## Material provided
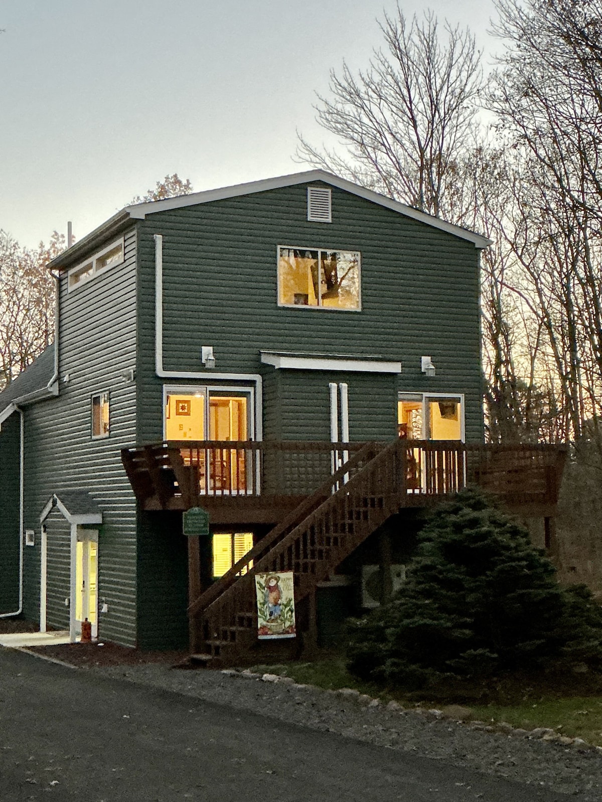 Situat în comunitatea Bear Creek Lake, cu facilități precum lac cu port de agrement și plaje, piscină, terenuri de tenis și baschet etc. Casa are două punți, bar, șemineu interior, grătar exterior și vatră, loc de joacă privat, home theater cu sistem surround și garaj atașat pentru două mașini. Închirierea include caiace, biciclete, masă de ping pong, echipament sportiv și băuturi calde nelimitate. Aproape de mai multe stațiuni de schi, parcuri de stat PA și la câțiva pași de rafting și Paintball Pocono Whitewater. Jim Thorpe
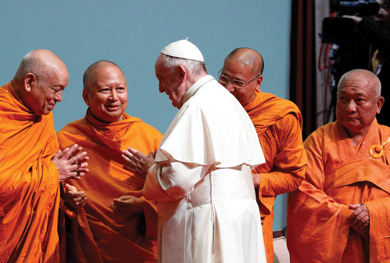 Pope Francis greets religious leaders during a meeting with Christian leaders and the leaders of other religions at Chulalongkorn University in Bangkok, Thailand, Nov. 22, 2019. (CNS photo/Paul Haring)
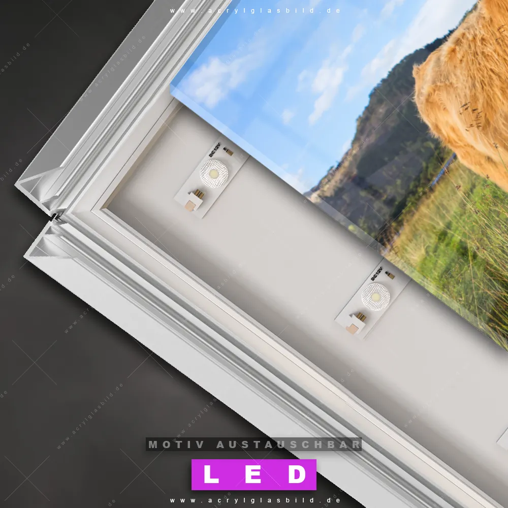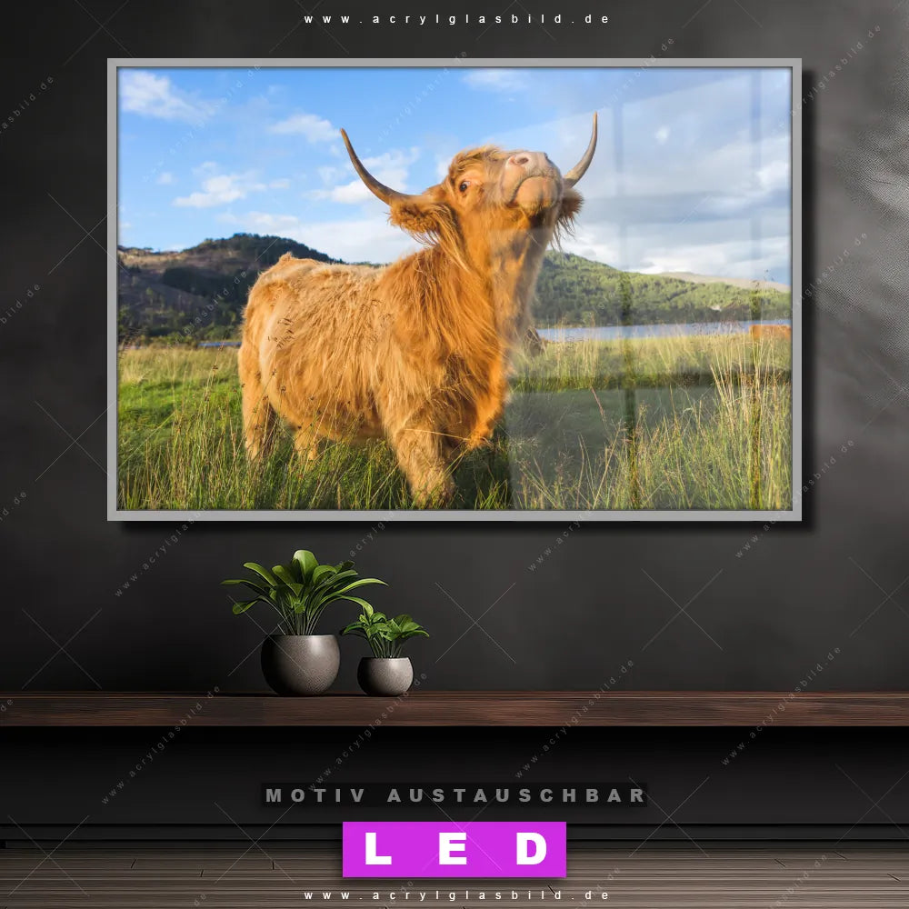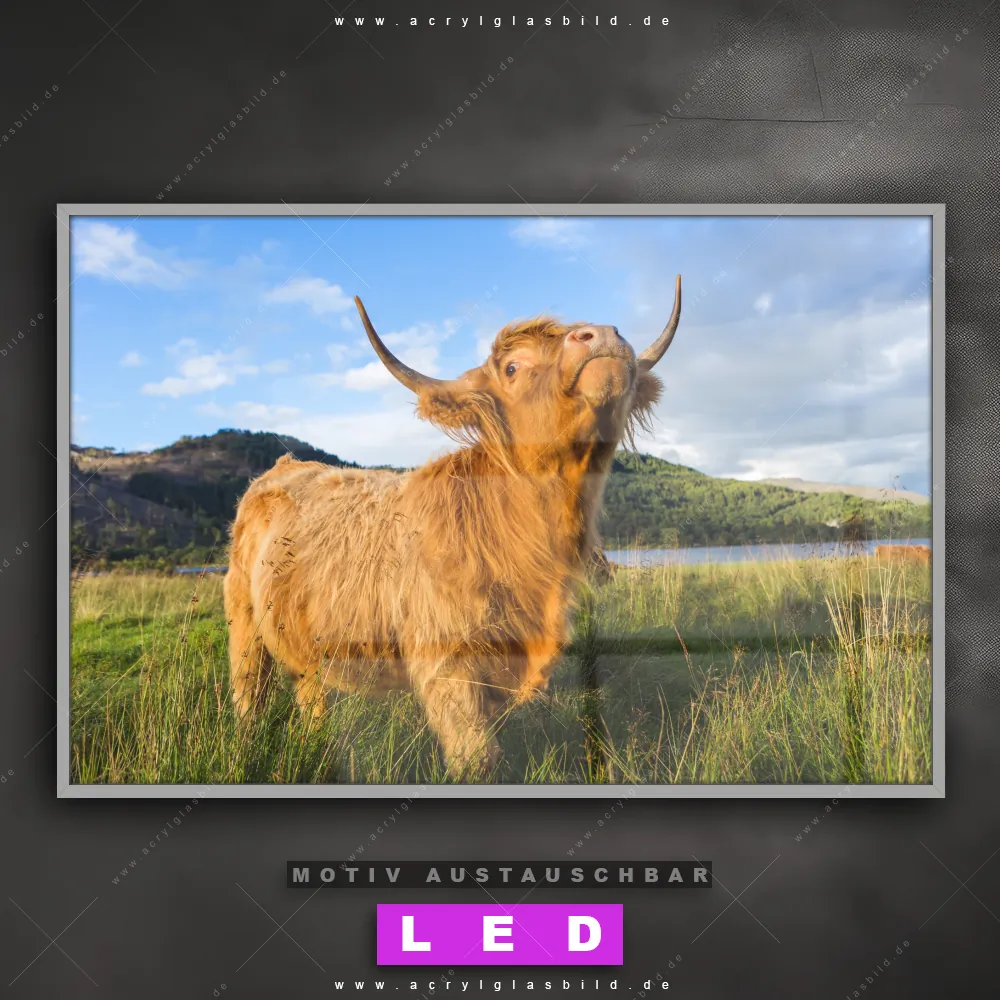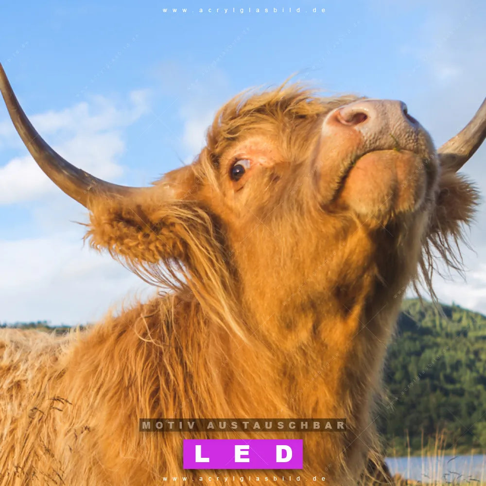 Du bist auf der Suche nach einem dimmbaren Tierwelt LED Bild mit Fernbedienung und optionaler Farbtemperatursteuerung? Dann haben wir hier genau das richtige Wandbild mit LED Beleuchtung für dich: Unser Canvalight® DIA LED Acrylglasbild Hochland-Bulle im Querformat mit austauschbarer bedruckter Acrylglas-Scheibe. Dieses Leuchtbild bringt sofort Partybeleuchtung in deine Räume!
--
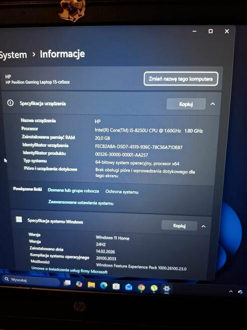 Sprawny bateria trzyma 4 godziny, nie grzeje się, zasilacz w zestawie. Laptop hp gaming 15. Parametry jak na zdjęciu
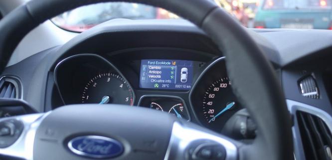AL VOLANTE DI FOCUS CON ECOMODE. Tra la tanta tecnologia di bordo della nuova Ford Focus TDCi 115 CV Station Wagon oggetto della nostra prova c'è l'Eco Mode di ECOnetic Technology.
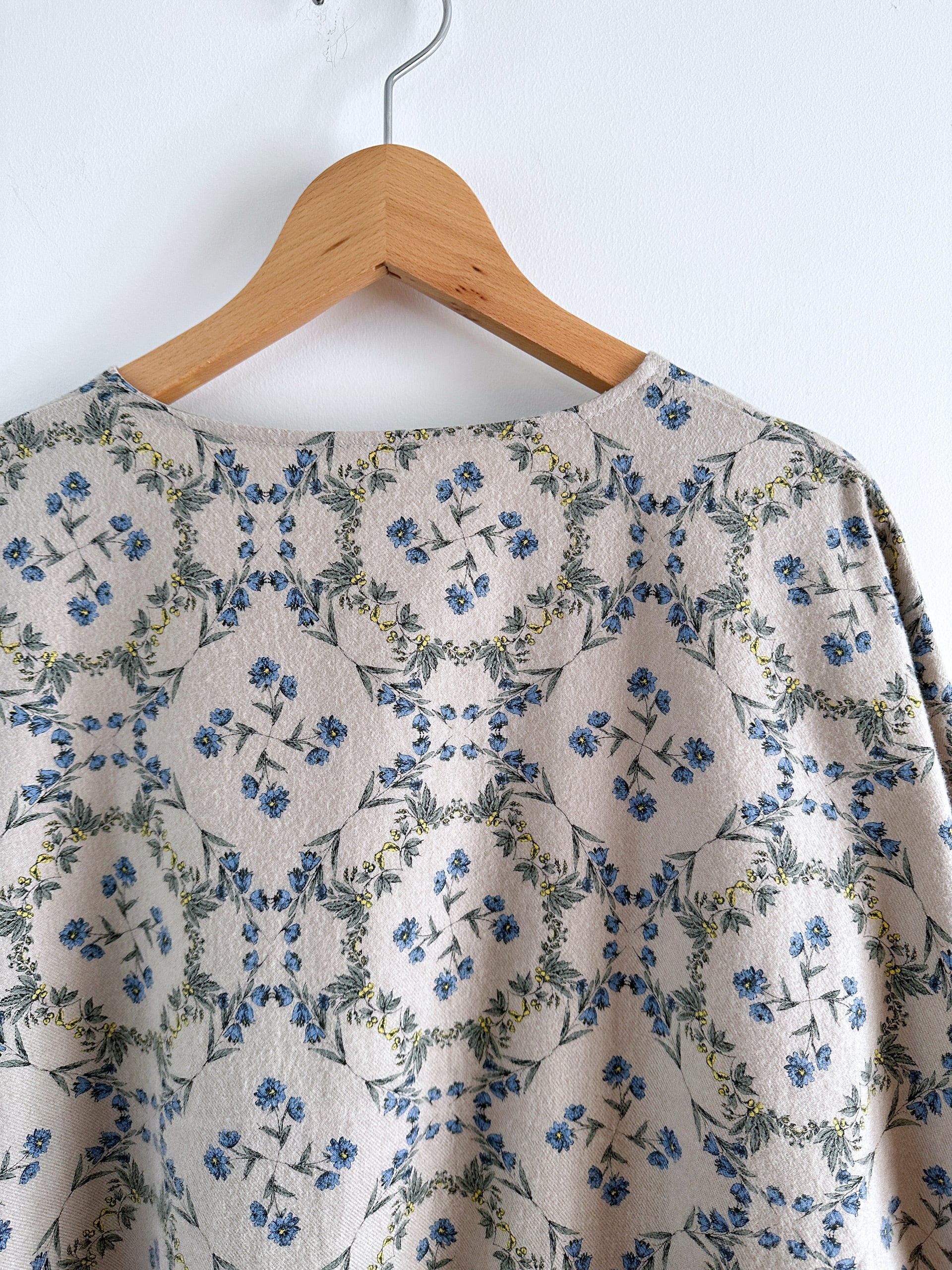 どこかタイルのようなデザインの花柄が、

## What you should do
Your output should be the lines above from the one that contains "Situat în comunitatea" through the one that contains "Du bist auf", word for word, with pictures left out.

## The answer
 Situat în comunitatea Bear Creek Lake, cu facilități precum lac cu port de agrement și plaje, piscină, terenuri de tenis și baschet etc. Casa are două punți, bar, șemineu interior, grătar exterior și vatră, loc de joacă privat, home theater cu sistem surround și garaj atașat pentru două mașini. Închirierea include caiace, biciclete, masă de ping pong, echipament sportiv și băuturi calde nelimitate. Aproape de mai multe stațiuni de schi, parcuri de stat PA și la câțiva pași de rafting și Paintball Pocono Whitewater. Jim Thorpe
 Pope Francis greets religious leaders during a meeting with Christian leaders and the leaders of other religions at Chulalongkorn University in Bangkok, Thailand, Nov. 22, 2019. (CNS photo/Paul Haring)
 Du bist auf der Suche nach einem dimmbaren Tierwelt LED Bild mit Fernbedienung und optionaler Farbtemperatursteuerung? Dann haben wir hier genau das richtige Wandbild mit LED Beleuchtung für dich: Unser Canvalight® DIA LED Acrylglasbild Hochland-Bulle im Querformat mit austauschbarer bedruckter Acrylglas-Scheibe. Dieses Leuchtbild bringt sofort Partybeleuchtung in deine Räume!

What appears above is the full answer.